> Task directions: Every line below should come back exactly as written, though the pictures stay out.

> Dataset section:
********
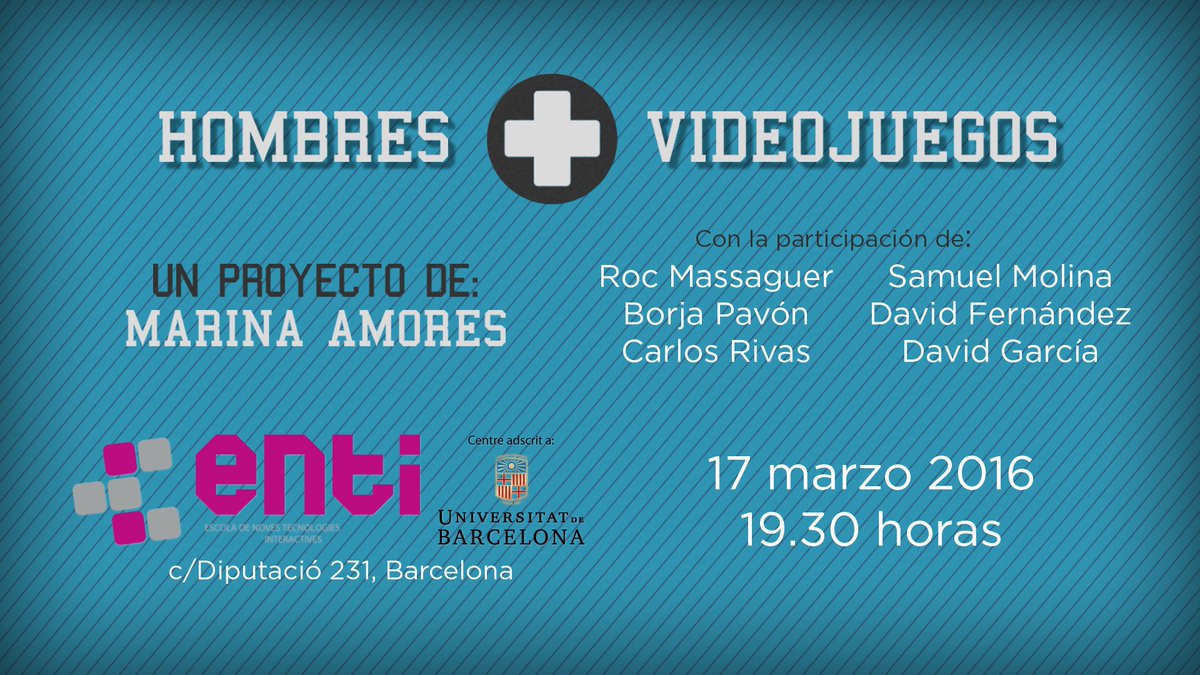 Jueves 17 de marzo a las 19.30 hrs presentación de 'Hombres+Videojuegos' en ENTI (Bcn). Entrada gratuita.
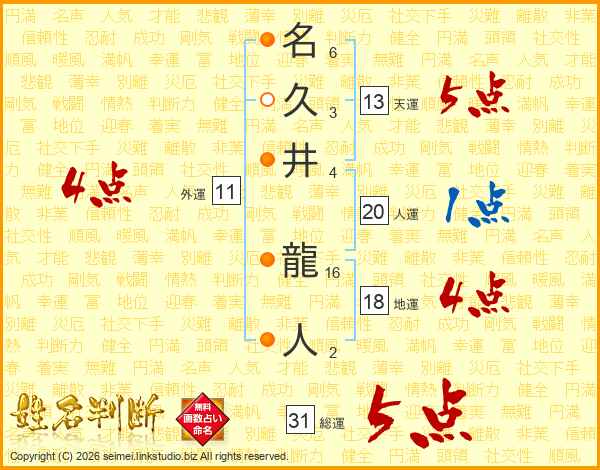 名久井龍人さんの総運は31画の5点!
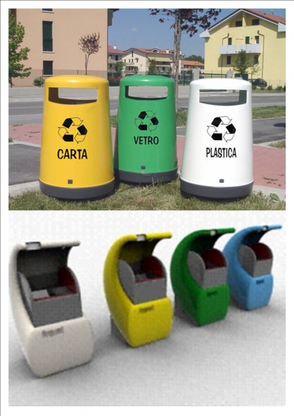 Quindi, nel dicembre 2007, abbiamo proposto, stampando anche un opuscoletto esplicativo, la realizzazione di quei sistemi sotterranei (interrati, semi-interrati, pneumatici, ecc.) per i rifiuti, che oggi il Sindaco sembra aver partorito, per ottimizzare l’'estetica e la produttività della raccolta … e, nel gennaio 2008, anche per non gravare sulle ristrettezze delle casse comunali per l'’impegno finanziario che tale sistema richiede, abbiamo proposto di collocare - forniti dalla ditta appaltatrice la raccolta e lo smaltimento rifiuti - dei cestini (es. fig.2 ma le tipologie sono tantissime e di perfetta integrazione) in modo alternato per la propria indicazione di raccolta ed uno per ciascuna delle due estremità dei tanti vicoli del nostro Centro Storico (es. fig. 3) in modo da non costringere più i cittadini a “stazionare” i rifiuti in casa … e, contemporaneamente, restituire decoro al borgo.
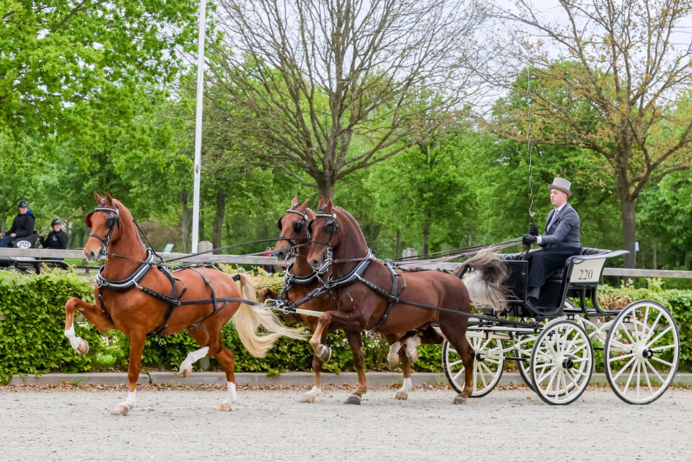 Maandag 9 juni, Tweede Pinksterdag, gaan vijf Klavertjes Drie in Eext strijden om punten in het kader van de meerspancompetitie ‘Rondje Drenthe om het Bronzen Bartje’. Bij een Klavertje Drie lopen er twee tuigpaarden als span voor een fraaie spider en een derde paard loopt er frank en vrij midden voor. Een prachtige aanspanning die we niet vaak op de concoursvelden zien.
********
> Written answer:
 Jueves 17 de marzo a las 19.30 hrs presentación de 'Hombres+Videojuegos' en ENTI (Bcn). Entrada gratuita.
 名久井龍人さんの総運は31画の5点!
 Quindi, nel dicembre 2007, abbiamo proposto, stampando anche un opuscoletto esplicativo, la realizzazione di quei sistemi sotterranei (interrati, semi-interrati, pneumatici, ecc.) per i rifiuti, che oggi il Sindaco sembra aver partorito, per ottimizzare l’'estetica e la produttività della raccolta … e, nel gennaio 2008, anche per non gravare sulle ristrettezze delle casse comunali per l'’impegno finanziario che tale sistema richiede, abbiamo proposto di collocare - forniti dalla ditta appaltatrice la raccolta e lo smaltimento rifiuti - dei cestini (es. fig.2 ma le tipologie sono tantissime e di perfetta integrazione) in modo alternato per la propria indicazione di raccolta ed uno per ciascuna delle due estremità dei tanti vicoli del nostro Centro Storico (es. fig. 3) in modo da non costringere più i cittadini a “stazionare” i rifiuti in casa … e, contemporaneamente, restituire decoro al borgo.
 Maandag 9 juni, Tweede Pinksterdag, gaan vijf Klavertjes Drie in Eext strijden om punten in het kader van de meerspancompetitie ‘Rondje Drenthe om het Bronzen Bartje’. Bij een Klavertje Drie lopen er twee tuigpaarden als span voor een fraaie spider en een derde paard loopt er frank en vrij midden voor. Een prachtige aanspanning die we niet vaak op de concoursvelden zien.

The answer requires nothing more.